▸ WHAT YOU ARE ASKED TO DO
Starting at the first line of the listing below, retype each line up to and including the one that contains "Comfortable life: Install". Leave pictures out.

▸ INPUT DATA

----

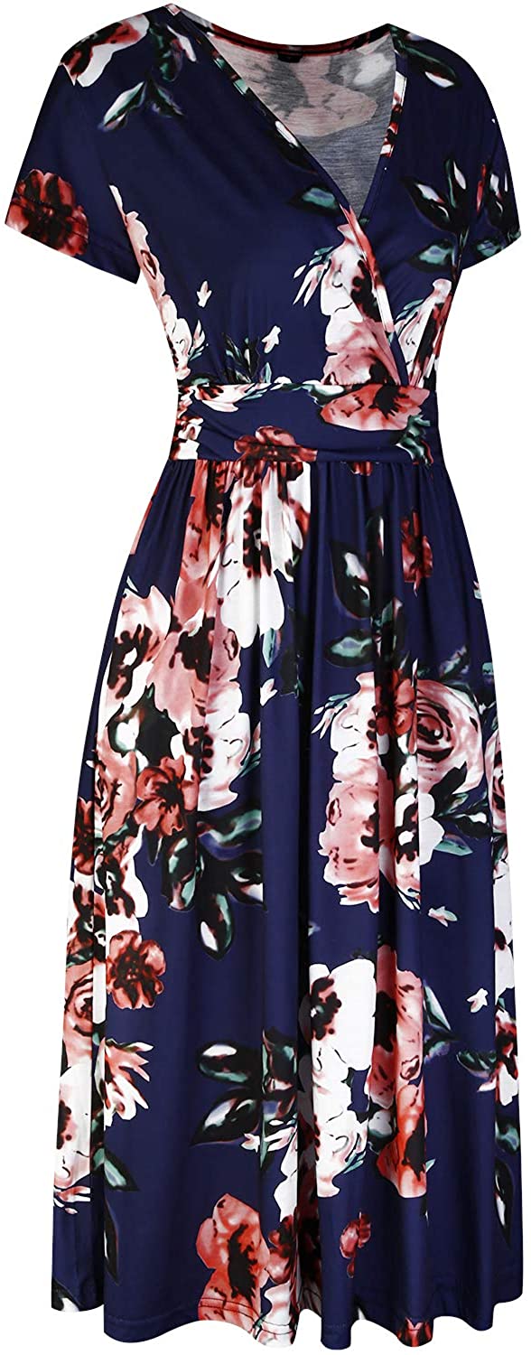 Women's Summer Short Sleeve V-Neck Floral Short Party Dress with Pockets
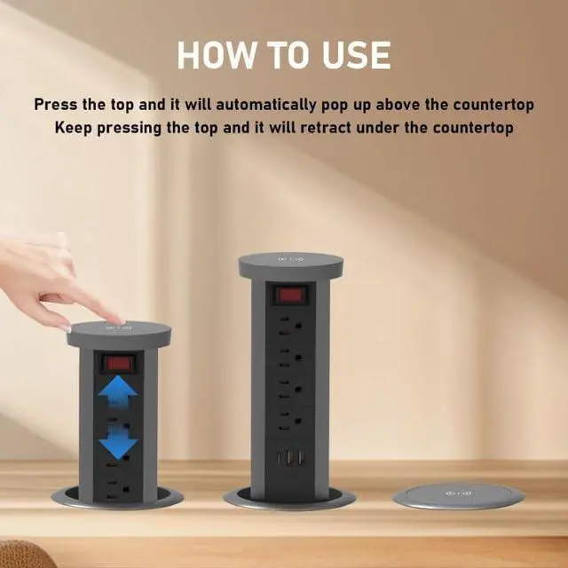 Comfortable life: Install it in the office or kitchen, pop it out when needed and retract it after use. Avoid clutter and create a simple and comfortable life. Package Contents: 1 X Pop up Outlet1 X instruction manual1X 6ft 14 AWG/3C Power cord.
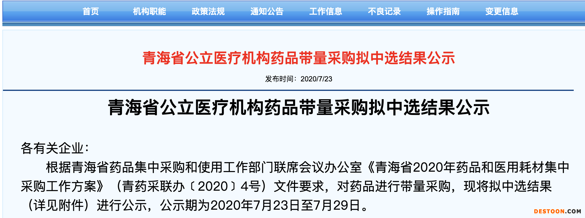 7月23日,青海省公立醫(yī)療機構(gòu)藥品帶量采購擬中選結(jié)果公示。

----

▸ REPLY
 Women's Summer Short Sleeve V-Neck Floral Short Party Dress with Pockets
 Comfortable life: Install it in the office or kitchen, pop it out when needed and retract it after use. Avoid clutter and create a simple and comfortable life. Package Contents: 1 X Pop up Outlet1 X instruction manual1X 6ft 14 AWG/3C Power cord.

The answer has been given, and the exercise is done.